Mahmood Mamdani's framework, developed in Neither Settler nor Native, provides the conceptual complement to Fanon's historical diagnosis. Mamdani argues that the postcolonial state inherited the colonial distinction between the citizen, governed through rights, and the subject, governed through customary and coercive mechanisms that bypass rights entirely. In Mali, the Bambara-dominated political centre has functioned as the space of citizenship; the Tuareg north has functioned as the space of subject. JNIM's rise has replaced one coercive authority over subject populations with another — its shadow governance operates through taxation, sharia adjudication, and community protection rather than constitutional rights — while leaving the underlying distinction between governed citizens and administered subjects entirely intact. The form of power has changed; the structure of domination has not.
This is why the standard framework for analysing the Malian crisis — fragile state, terrorist threat, Russian interference, French miscalculation — is structurally insufficient. It describes symptoms without naming the condition. Fanon's own answer, in The Wretched of the Earth, was ultimately revolutionary: the peasantry of the interior was "the only spontaneously revolutionary force of the country," and only a politics genuinely rooted in their social world could produce a state that was not structurally a continuation of colonial rule. Fanon was unambiguous about why: "the fellah, the unemployed man, the starving native do not lay a claim to the truth; they do not say that they represent the truth, for they are the truth." The interior was not a security problem to be pacified but the political substance that any genuine decolonisation would have to begin from.

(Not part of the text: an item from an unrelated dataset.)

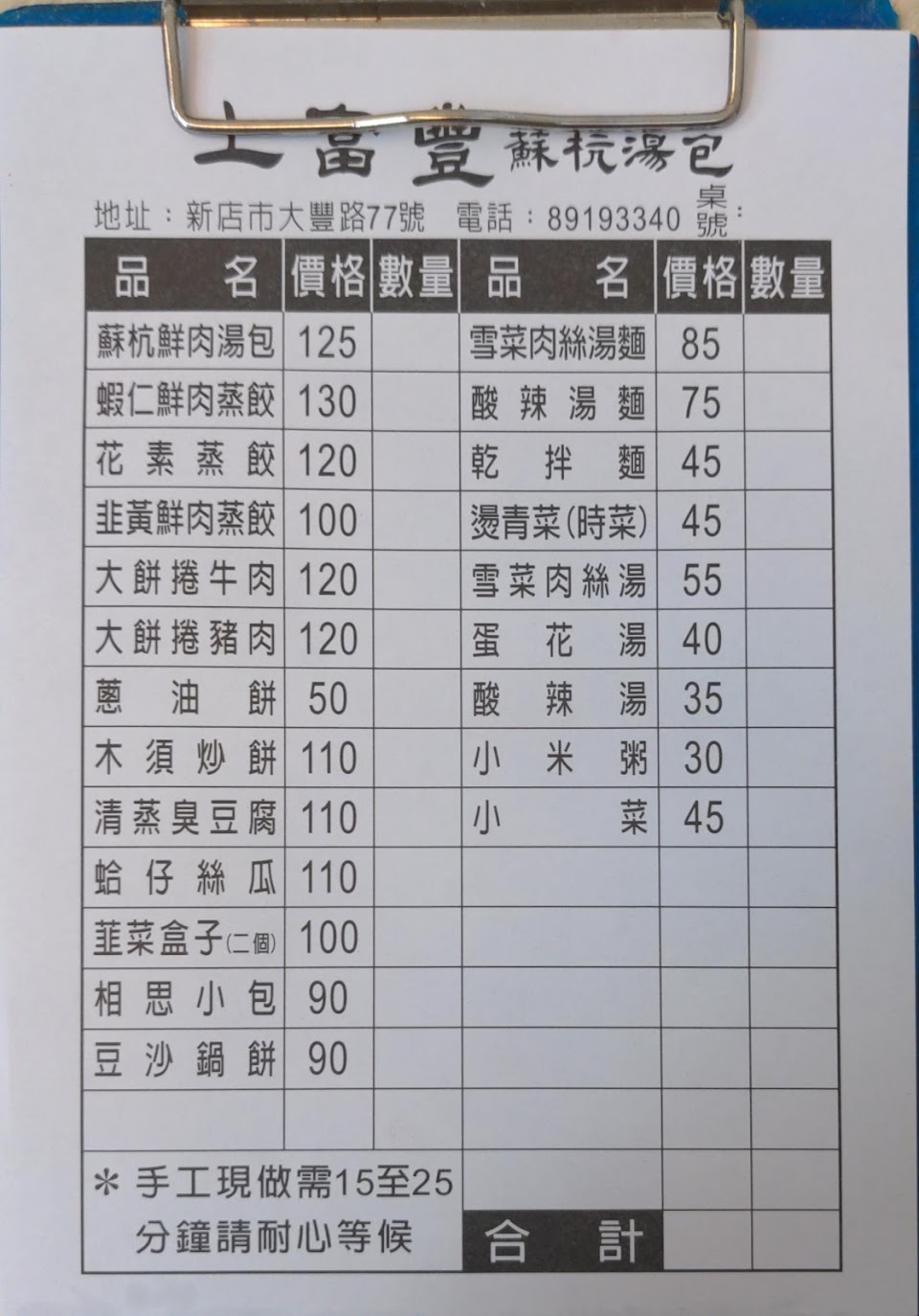 2024最新在地推薦餐廳的菜單_上富豐蘇杭湯包的菜單、圖片

Whether JNIM's shadow governance represents any kind of fulfilment of that aspiration is a question that should deeply unsettle anyone tempted to read the jihadist advance as a form of popular justice. JNIM does not offer a politics of the peasantry in Fanon's sense — it offers an alternative hierarchy of authority, one that extracts tribute, enforces doctrinal conformity, and governs through coercion as readily as through consent. What it does offer, and what explains its organic expansion across the Malian interior, is legibility: rules, adjudication, protection, and a predictable structure of obligation that the Malian state never provided.

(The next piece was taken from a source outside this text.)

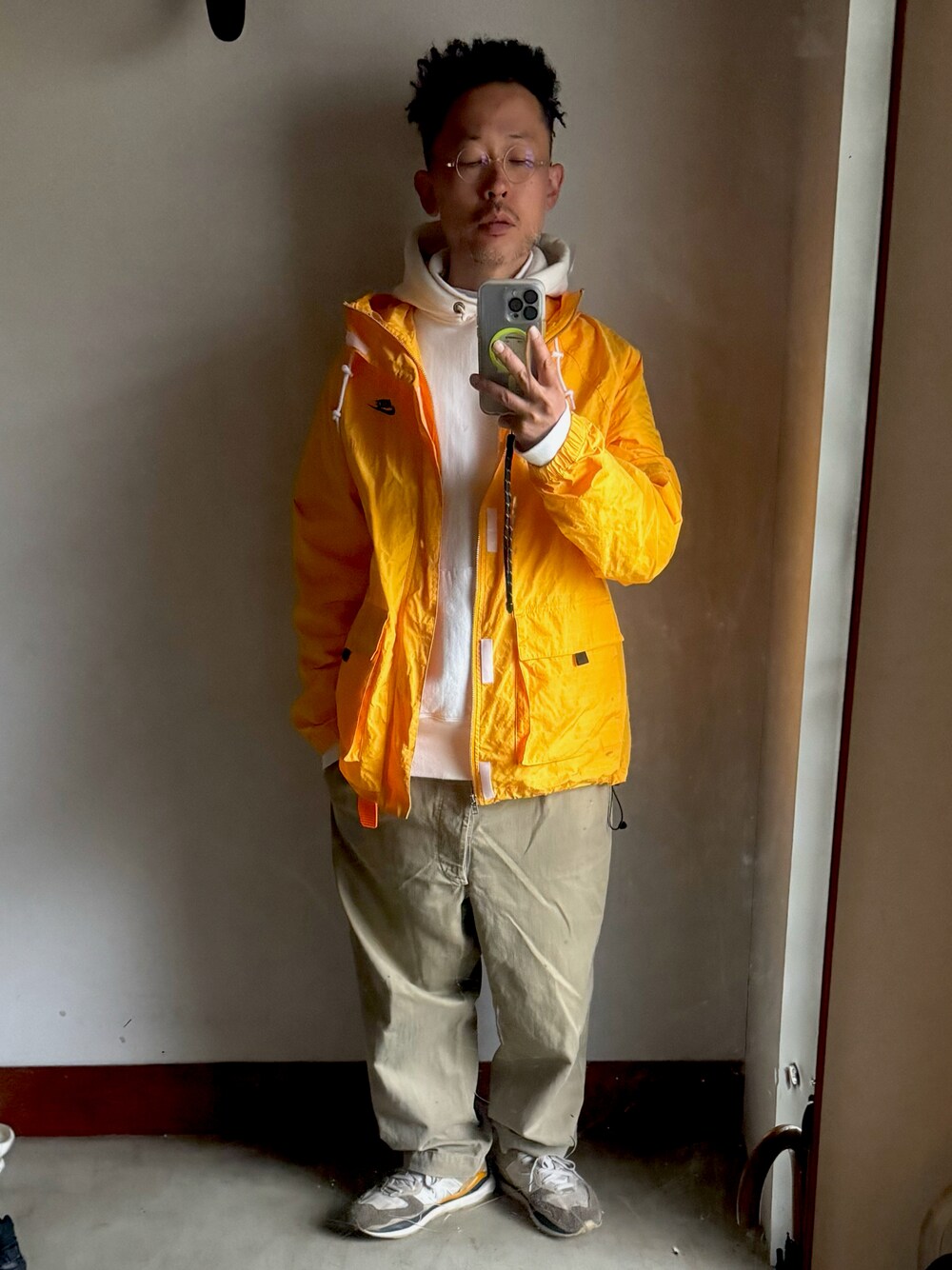 イエロー系のその他アウターを着用したメンズの春コーディネートの1枚目の写真

The fact that communities across central and northern Mali find this preferable to Bamako's intermittent, punitive, and ethnically partial presence is not an endorsement of jihadist governance — it is, as Fanon would have recognised immediately, the verdict of populations for whom the postcolonial state never ceased to be a foreign imposition. The Sahel demands this quality of analytical attention precisely because it forces a confrontation with the structural logic of a colonial spatial order that independence never dismantled, and whose consequences — sixty-five years later — are still being written in displacement, famine, and the wreckage of states that were never, in Fanon's deepest sense, states at all.